In 1995, the Ministry of Fisheries was split off from the Ministry of Agriculture and Fisheries, and in 1997, forestry was folded into agriculture to create the Ministry of Agriculture and Forestry. Since then, a standalone Food Safety Authority was split off from MAF and the Ministry of Health, only to be blended back into MAF last year.
Mr Wagstaff said MAF was slashing hundreds of jobs in a bid to save $18 million to cope with the Government's indiscriminate and unjustified public service budget cuts.
Labour's acting state services spokesman, Grant Robertson, said the job cuts came on the back of thousands of jobs being axed across the public sector in organisations as diverse as Defence, Inland Revenue, and KiwiRail.
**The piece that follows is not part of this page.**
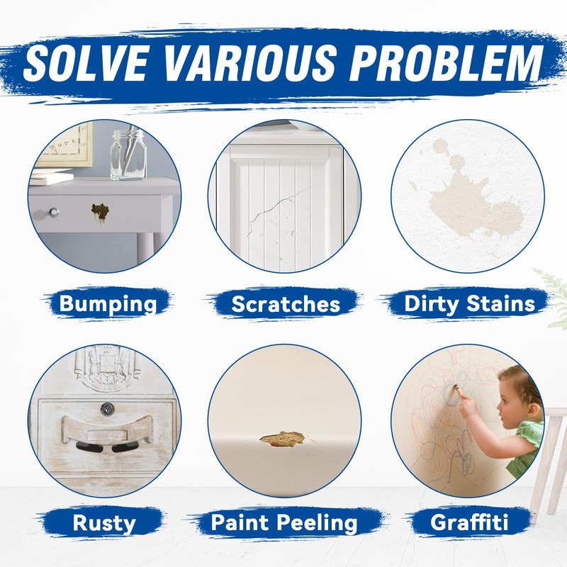 - Versatile Applications: Suitable for various surfaces and environments, whether it's wall, rock, wood, ceramic, or various furniture. If you want to refresh furniture or conceal scuffs on walls, our paint brushes for walls provide long-lasting application, bringing scratches back to life. Additionally, the touch up pens with syringes can fill any latex paint
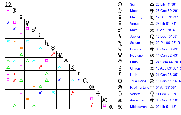 | Sun | 20 Libra 12 | 21 Libra 36 | 19 Aquarius 34 |

"They are a direct result of this Government's carve-up of the public sector, and simply add to the increasing number of unemployed Kiwis,'' Mr Robertson said. In the past year alone more than 1500 state sector jobs have been axed.
"The Government needs to tread carefully in an area as important as our agricultural sector so that they do not reduce vital services in their search for funding cuts,'' Mr Robertson said.
State Services Minister Tony Ryall said in March that MAF and the fisheries ministry would be merged by February 1.
Rural lobby group Federated Farmers had previously called for a "super'' primary industries ministry.
MAF director-general Wayne McNee said there was no plan to cut numbers of fishery officers, animal welfare inspectors and investigators, and quarantine inspectors.
"We will continue to deliver the front-line services that we know are valued by New Zealanders, and ensure these are of a high standard,'' he said.